Some of my favourite artworks show ‘chiaroscuro’; it’s an Italian word that means light-dark and in great paintings reveals itself in the contrasts of colour. So too with wine – on the one hand we can be presented with a wine of bold presence and stature, while on the other we can see delicacy and buoyancy. It’s a great part of the excitement of wine; more so when it occurs in the same region.
The Barossa Valley has an incredible history – craggy, gnarled vines sit in ancient vineyards, old stone buildings with faded advertising logos speak of times past, and generational winemaking families till their soil with knowledge that comes from years on the land rather than course-work.
The Barossa has known many guises over the years, but the big hype came with wines of big flavour, big ripeness, big new oak barrels and big alcohol. The local and international market chased down the red wine blockbusters the region so readily produced. But in the olden days it wasn’t all about stature and presence. There were wines of lower alcohol, made in older oak and more reflective of their individual sites in the Valley.

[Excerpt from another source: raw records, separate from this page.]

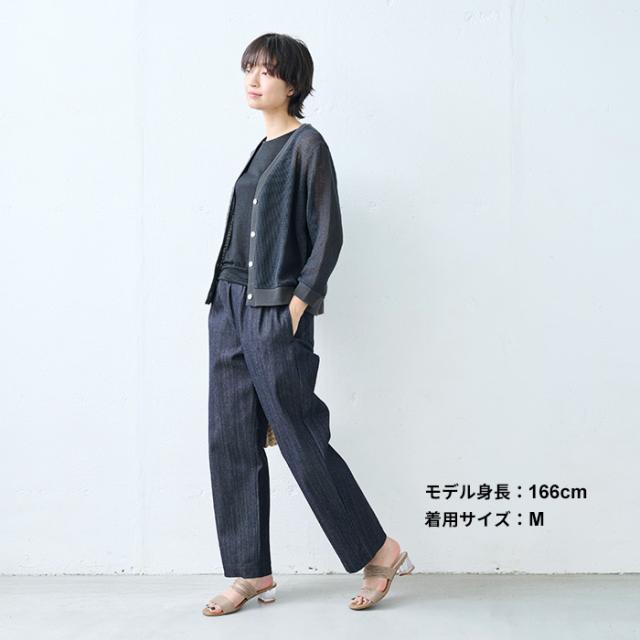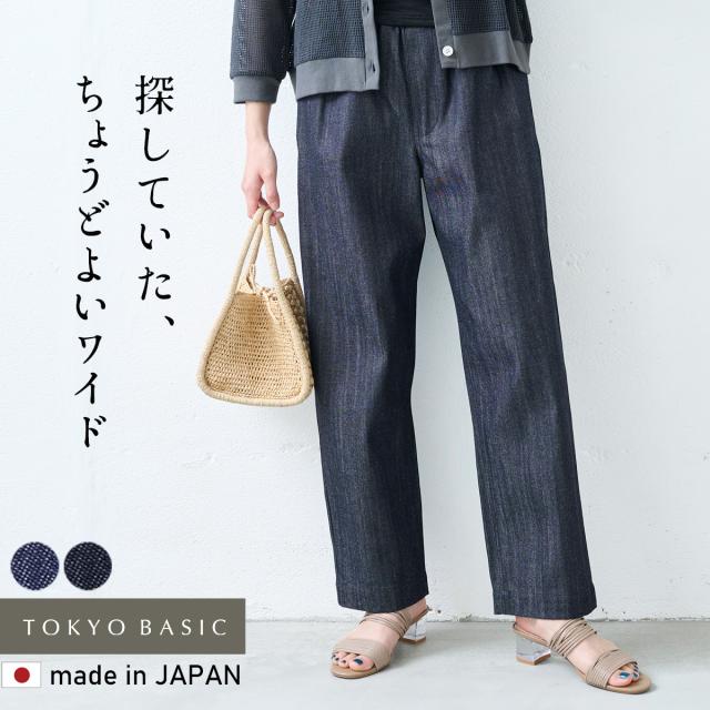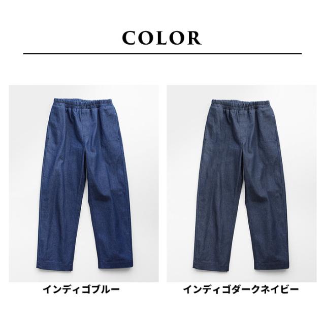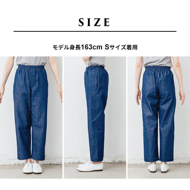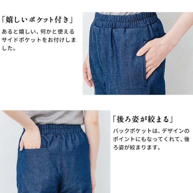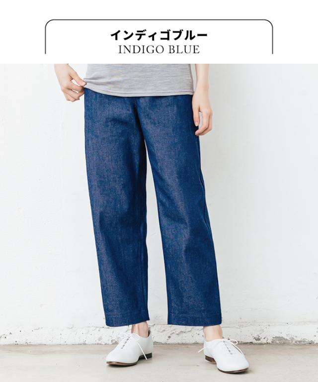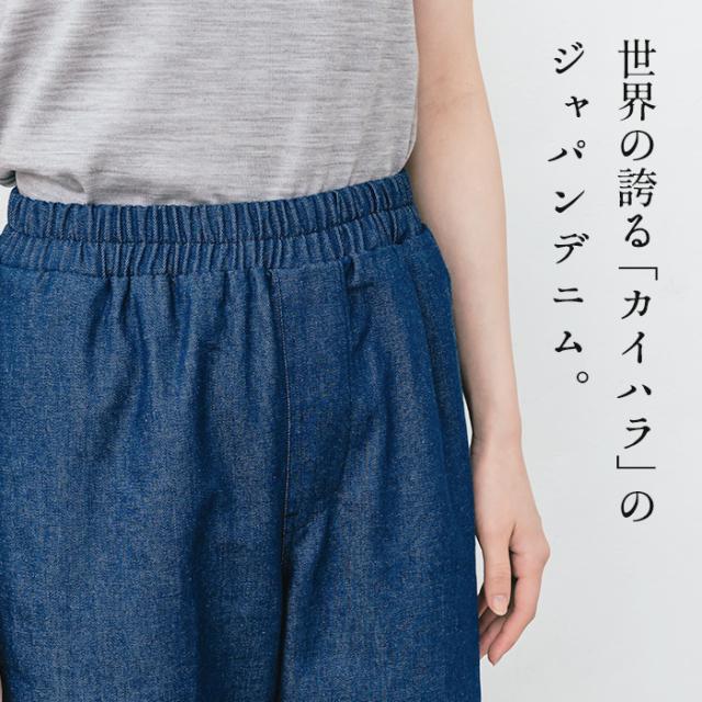 コットン100% ジャパンデニム セミワイドパンツ カーブパンツ 日本製 / デニムパンツ レディース ワイド ウエストゴム 40代 50代 60代 女性 ファッション ジーンズ ジーパン ストレートパンツ ワイドパンツ 綿100% ゆったり 大きめ カイハラ カイハラデニム
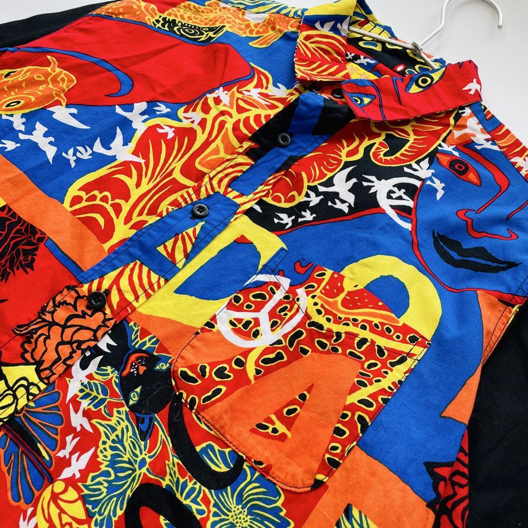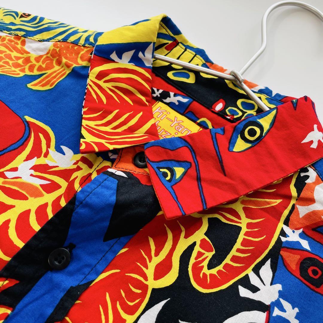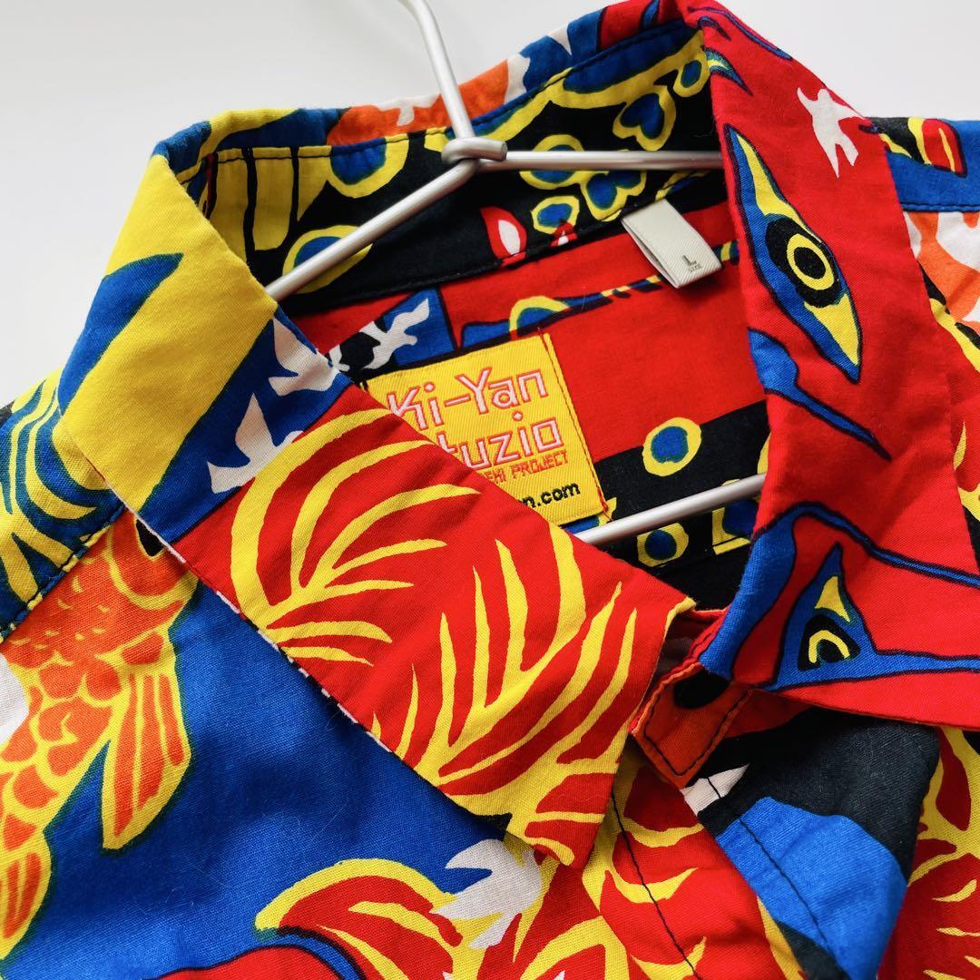 希少Ki-Yan Stuzio(キーヤンスタジオ)長袖シャツ 和柄 奇抜 派手柄 コットン100% 日本製 メンズ M相当 鯉 アート柄 総柄シャツ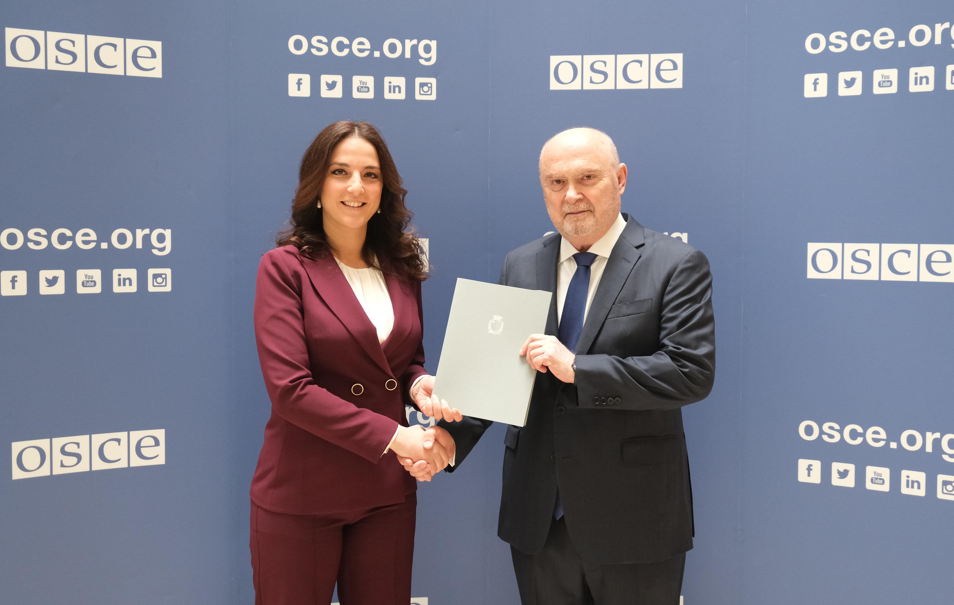 H.E. Francesca Camilleri Vettiger, Ambassador and Permanent Representative of the Republic of Malta to the OSCE, with the OSCE Secretary General Feridun H. Sinirlioğlu, Vienna, 17 February 2026.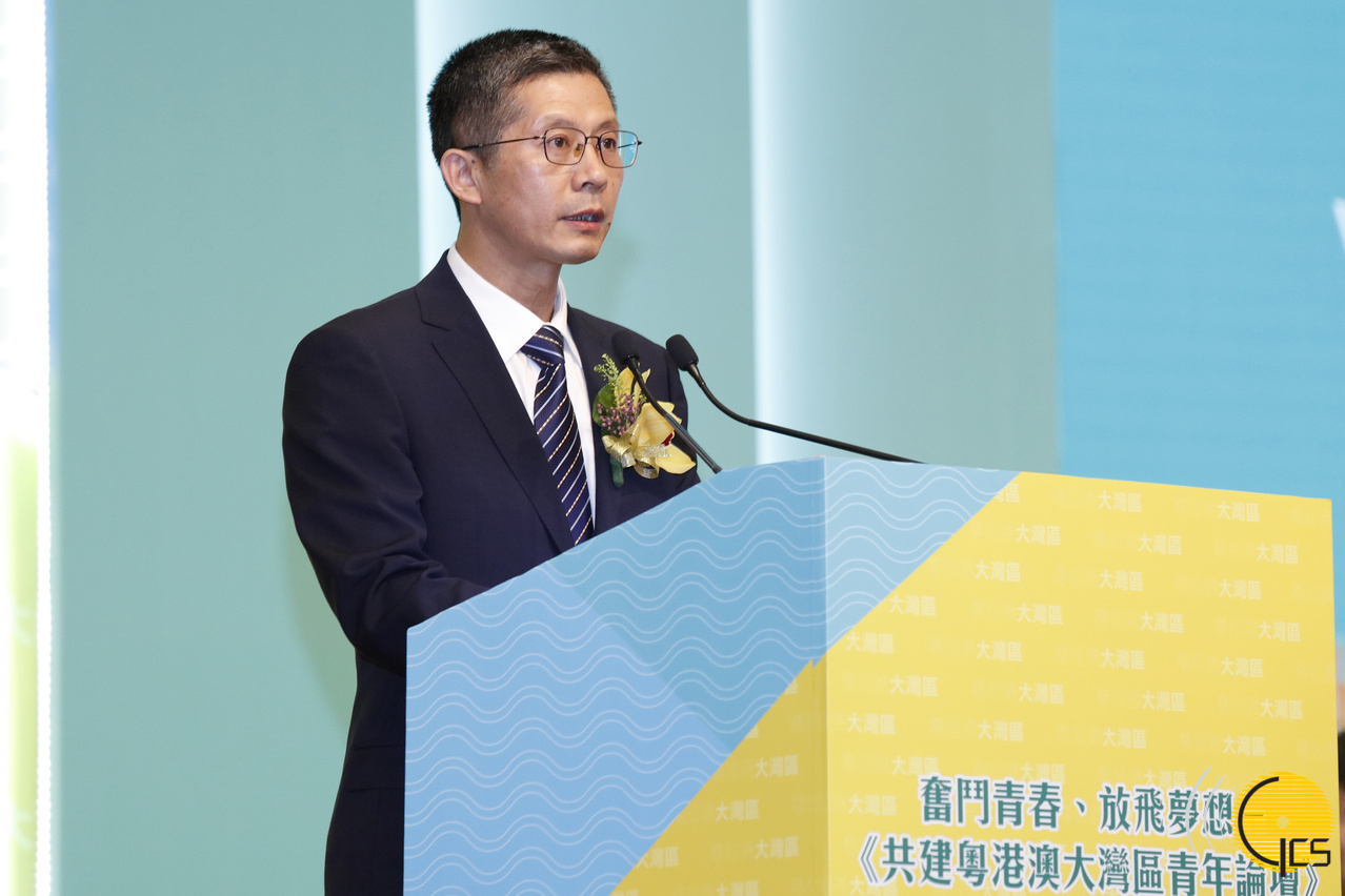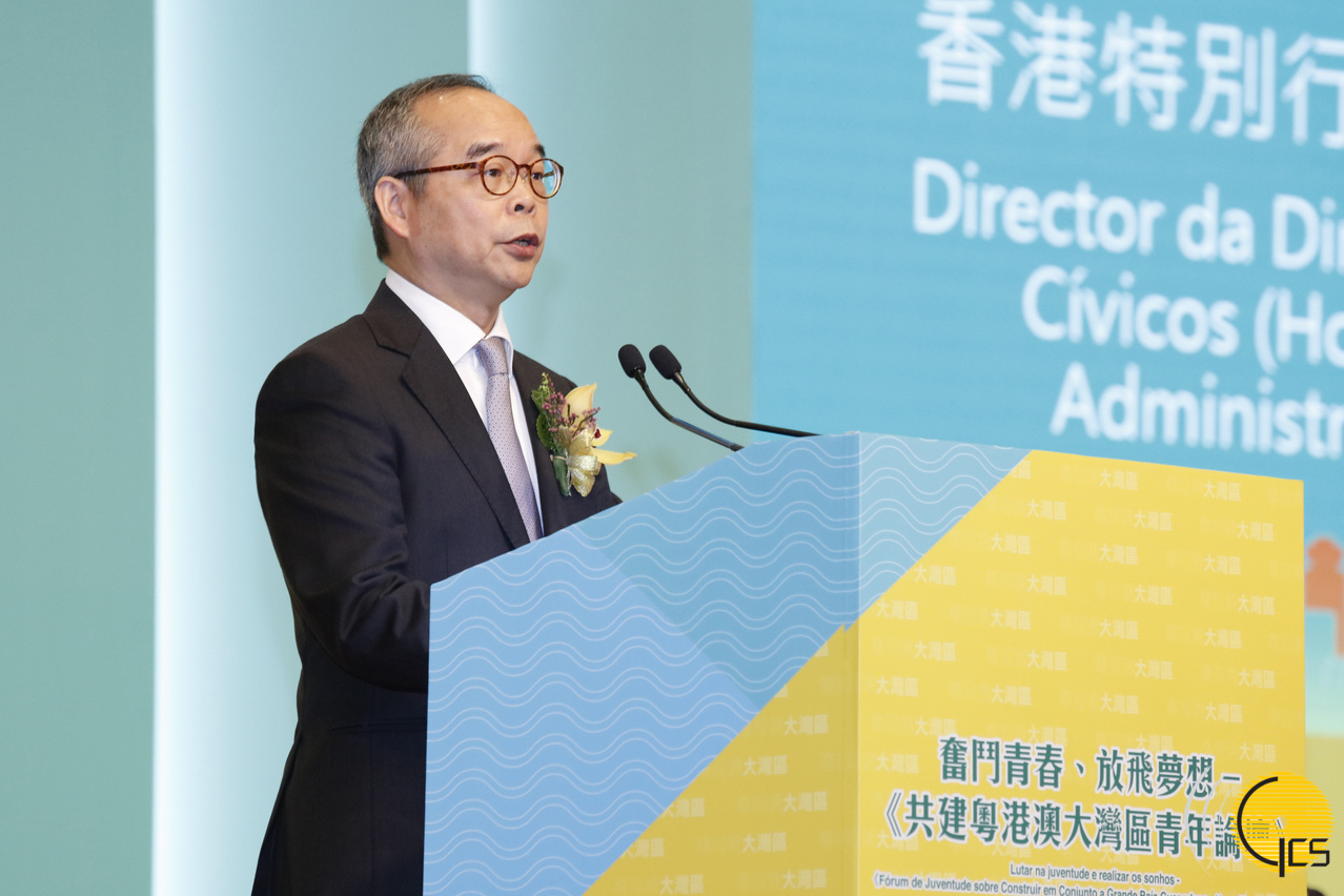 • Director dos Serviços dos Assuntos Cívicos (Home Affairs Bureau) da Região Administrativa Especial de Hong Kong, Lau Kong-wah, discursa na cerimónia de abertura do Fórum de Juventude sobre Construir em Conjunto a Grande Baía Guangdong – Hong Kong – Macau: Lutar na juventude e realizar os sonhos.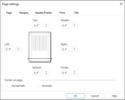 Select the method, according to which sheet objects are to be centered, in the Center on Page parameters group: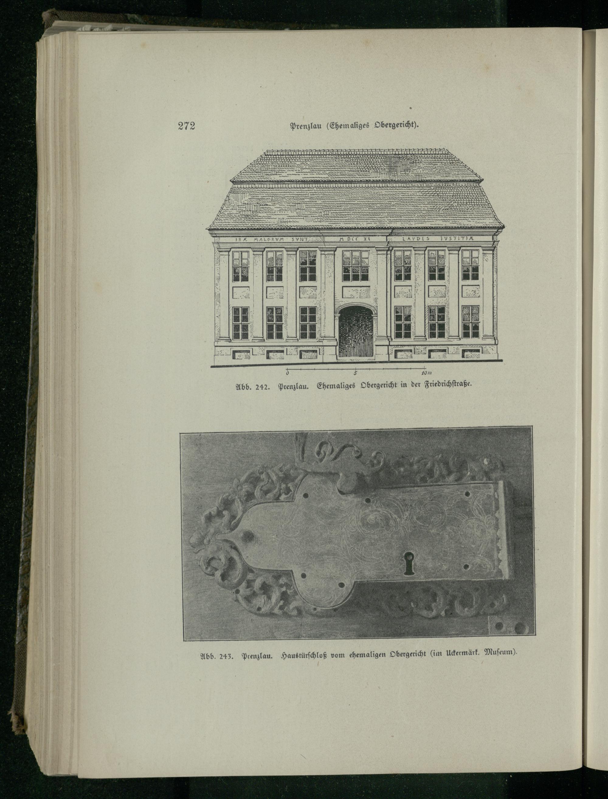 272 Prenzlau ( Ehemaliges Obergericht). IRA MALORVM SVNTARES MDCC XX LAVDES IVSTITIA MAR wwwww 10m Abb. 242. Prenzlau. Ehemaliges Obergericht in der Friedrichstraße. 2 Abb. 243. Prenzlau . Haustürschloß vom ehemaligen Obergericht( im Uckermärk. Muſeum).

Fast forward to the last few years and a clutch of small, younger producers have clambered through the Barossa seeking out unique parcels of fruit. They’ve taken the grapes off the vines before maximum impact of ripeness, fermented as close to naturally as possible and sought the truer flavours of the varieties by using older oak to age the wines in. These red wines are approachable, hedonistic and more delicate in flavour - less obscured by winemaking practices and show a genial, more natural expression of the fruit. The wines’ lower alcohol content makes for easier drinking, matching better with a broad range of foods, and showing a alternative facet to this much-admired and historical wine region. Let’s celebrate the Barossa’s chiaroscuro.
THREE TO TRY –
Spinifex Esprit 2009 ($27) – A blend of Mataro, Shiraz, Grenache, Carignan and Cinsault, this wine shows earthy, brambly fruits with a dusting of sweet spice and pepper. It’s a little piquant in the palate, but this lifts things and delivers great freshness. Lithe, supple and good. Drink up.
Shobbrook Nouveau 2011 ($23) – Made from Mataro by ‘minimal-winemaker’ Tom Shobbrook, whose handprint is gentle from grape, to winery, to bottle. Shows wild characters of blue fruits, nuts, cranberry and briar but drinks with a seamless yet loose knit and light feel. Smashable and delicious.
Ruggabellus Fluus 2010 ($25) – Winemaker Abel Gibson hit the ground running with this blend of four ‘Rhone’ red varieties. Its earthy, smoky-yet-sweet aroma beguiles while the slippery, bright-fruited palate also shows savoury complexity. It’s satiny to drink, with great light and freshness.